LONDON - Russia's 19-year wait to enter the World Trade Organisation is finally over. Unfortunately, the kind of export and investment miracle enjoyed by fellow-BRIC China after it joined the club is likely to remain well out of its reach.
China too waited 15 years on the WTO’s doorstep. But for Beijing, joining in 2001 set the stage for a decade that quintupled its exports and propelled its economy from sixth place globally to the world’s second biggest.
Russia’s commodity-based economy is less well placed to enjoy that kind of spurt. And with trade and investment flows both scarcer than a decade ago, it will struggle to attract investments on a similar scale to itsFar East neighbour.
First, though, there are plenty of positives.
Foreign tariff barriers are estimated to cost Russian exporters $1.5 billion to $2 billion a year. The WTO confers lower trade barriers and equal treatment for all members.
Moscow will have to haul up its own barriers, with average tariffs set to fall by a third – tariffs on foreign cars for instance are to halve by 2019. So cheaper imports should leave consumers and companies with more money to spend.
And while parts of some uncompetitive sectors could sink – Russia’s auto industry is a much-cited example – others such as banks and telecoms will be opened to foreign investment.
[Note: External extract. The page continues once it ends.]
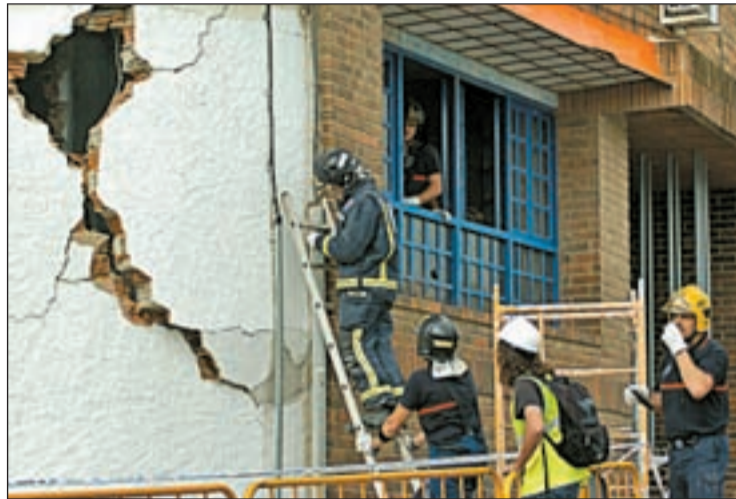
Operarios evaluando la situación de un edificio en Lorca

En él se establece que se financiarán el 100% de las reconstrucciones. Las ayudas serán especialmente cuantiosas para las familias con viviendas destruidas, a las que se les dará hasta 106.000 euros. Aquellas que hayan sufrido algún daño en sus domicilios accederán a una

Furthermore, Russia is hobbled by a reputation for crony capitalism, red tape and disregard for investors’ rights. Optimists hope WTO-entry, which has the blessing of President Vladimir Putin and is bound by strict previously agreed timetables, will instill a sense of urgency into the Kremlin’s half-hearted reform efforts.
Ed Conroy, a fund manager at HSBC Global Asset Management, reckons Russia, like most new WTO entrants, will enjoy a growth and investment pickup if it dismantles protectionist barriers and finally shows a clear commitment to free-market policies.
“WTO is not a magic wand they can wave to create an investment haven but if you create a less restrictive framework, you automatically create opportunities. Don’t expect a revolution but an evolution towards a more open, competitive economy,” says Conroy, who invests in Russia.
Conroy is betting bank shares will be prime beneficiaries in post-WTO Russia. Others such as Chris Weafer atMoscow brokerage Troika Dialog advise loading up on shares in some retailers and airlines that stand to gain from lower import tariffs.
All this gels with the view of the World Bank which has calculated the short-term value of WTO membership toRussia at $49 billion a year or over 3 percent of gross domestic product at 2010 prices. That would rise to $162 billion annually when the longer-term impact on the investment climate is factored in.
DIFFERENT COUNTRIES, DIFFERENT WORLD
But this does not spell a China-like growth miracle.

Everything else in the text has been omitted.